## What is needed:
Take the lines from the one containing "Витрина стеклянная ЛОФТ" through the final line below and restate them exactly. Omit the pictures.

## Available data:
=== Section Start ===
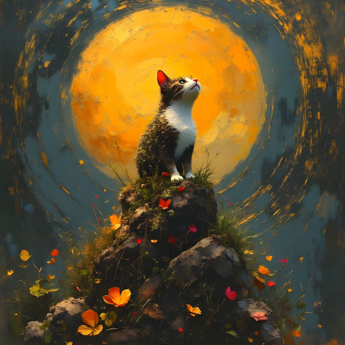 A majestic moss-covered stag adorned with flowers gazes at the moon from a rocky peak. Gold leaf textures and floral accents create a dreamy, ethereal fantasy art nouveau style.
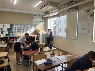 子どもたちは、コンビやトリオを組んでコンビ名を考え、事前に準備されたネタをもとにボケ、ツッコミを考えました。いろいろはアイデアを出し合い自分たちのネタを仕上げていました。漫才当日が楽しみです。
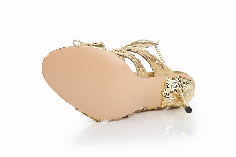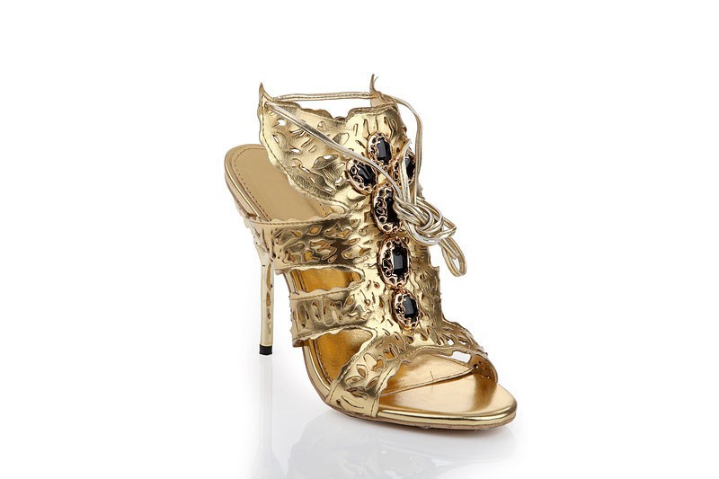 Free Shipping Women s 2014 New Fashion Gold Cut outs leather With Black Crystal Ankle Strap
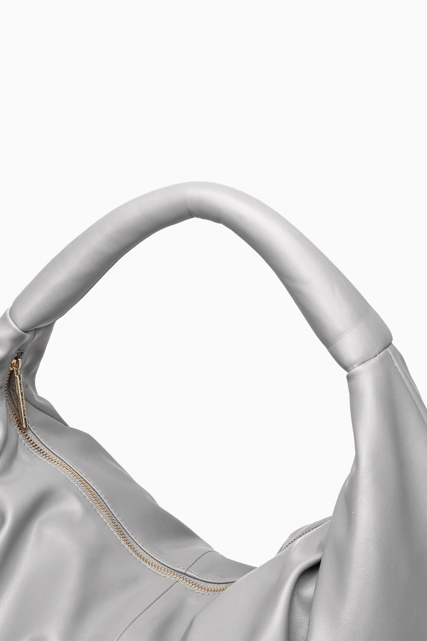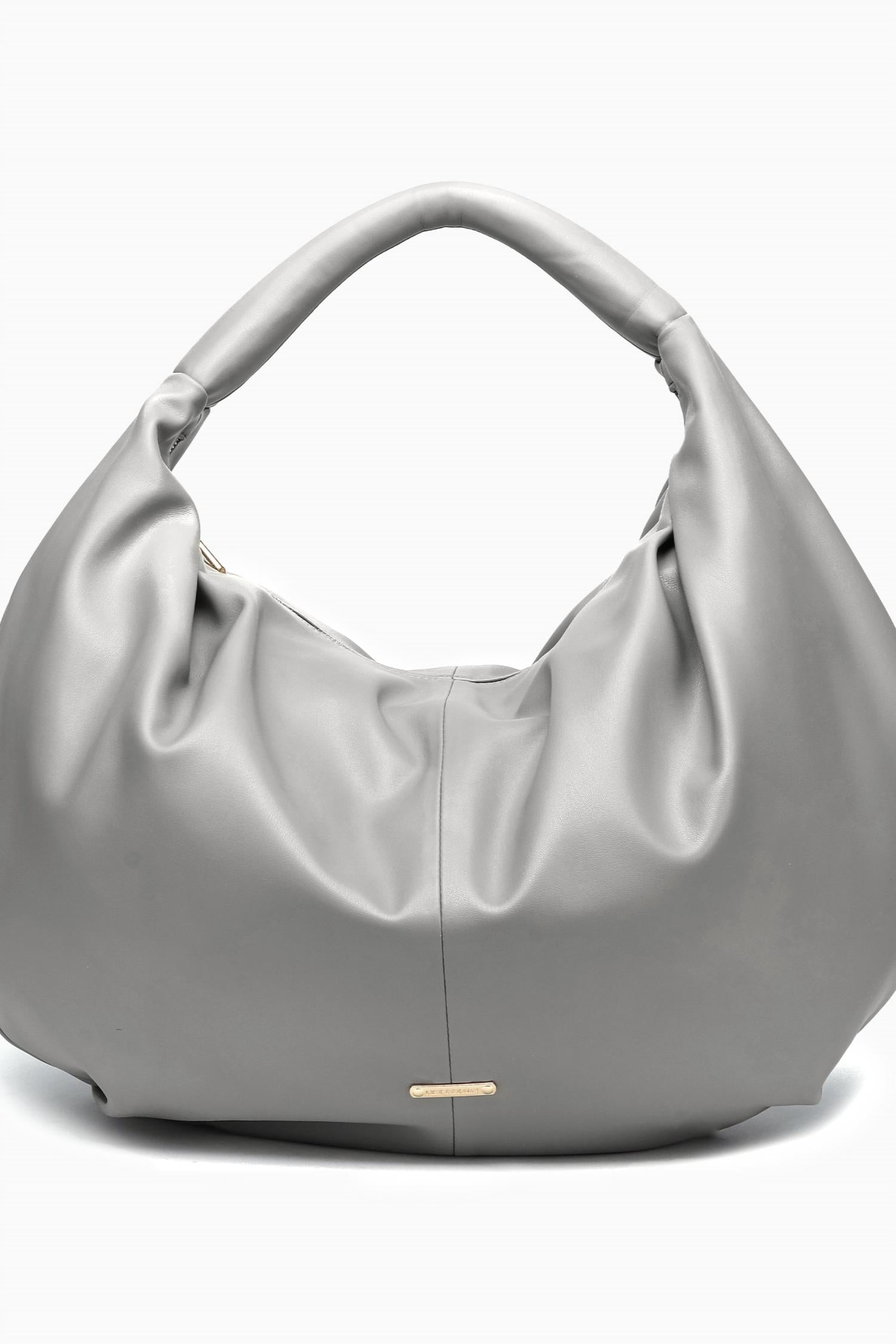 Abrace o estilo despojado com a Bolsa Hobo Wanderlust Tote Scrunchie da Like Dreams, confeccionada em couro vegano macio que simboliza a sofisticação moderna. Esta bolsa tote cinza grande possui fecho de zíper e acolchoamento macio nos ombros, tornando-a a escolha ideal tanto para um dia no escritório quanto para um brunch chique. Com dimensões de 45 cm de largura x 35 cm de altura x 18 cm de profundidade, esta bolsa despojada oferece amplo espaço e praticidade, incluindo um bolso interno com zíper e dois bolsos internos adicionais para armazenamento organizado. Ostente uma alça de 28 cm de altura e redefina sua coleção de acessórios com este item essencial.
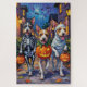 Adorable Wire Fox Terrier, die in verspielten Halloween-Kostümen gekleidet sind, tragen Kürbiseimer, während sie unter dem mondbeleuchteten Himmel tricksen oder behandeln. Dieses festliche Design hebt den wirren Mantel der Rasse, den warmen Ausdruck und die energetische Persönlichkeit hervor, die perfekt die sprichwörtliche und dennoch lustige Atmosphäre Halloween-Abends einfangen. Ein fröhliches und lebendiges Fest für Hundefreunde und Halloween-Fans.
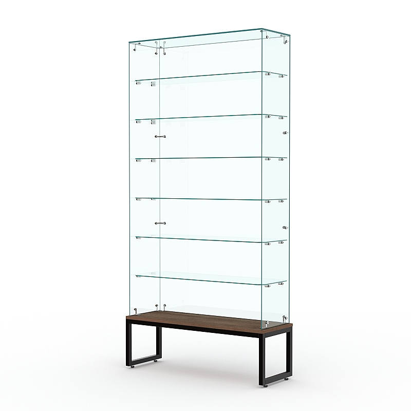 Витрина стеклянная ЛОФТ СТИЛЬ ПОДИУМ №135 (без дверок, задняя стенка — стекло), Орех
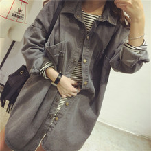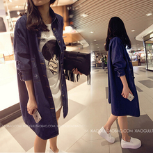 2015春秋新款韩版百搭中长款牛仔衬衫宽松BF风长袖牛仔薄外套女潮
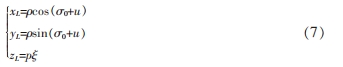將 ρ0 與 x2 軸的夾角為 σ0 時作為刮齒起始點,u 為刮齒邊緣參數,且 σ0+u=σ+θL-θL0+ξ,對式(6)進行簡化描述:
=== Section End ===
## Task output:
 Витрина стеклянная ЛОФТ СТИЛЬ ПОДИУМ №135 (без дверок, задняя стенка — стекло), Орех
 2015春秋新款韩版百搭中长款牛仔衬衫宽松BF风长袖牛仔薄外套女潮
將 ρ0 與 x2 軸的夾角為 σ0 時作為刮齒起始點,u 為刮齒邊緣參數,且 σ0+u=σ+θL-θL0+ξ,對式(6)進行簡化描述:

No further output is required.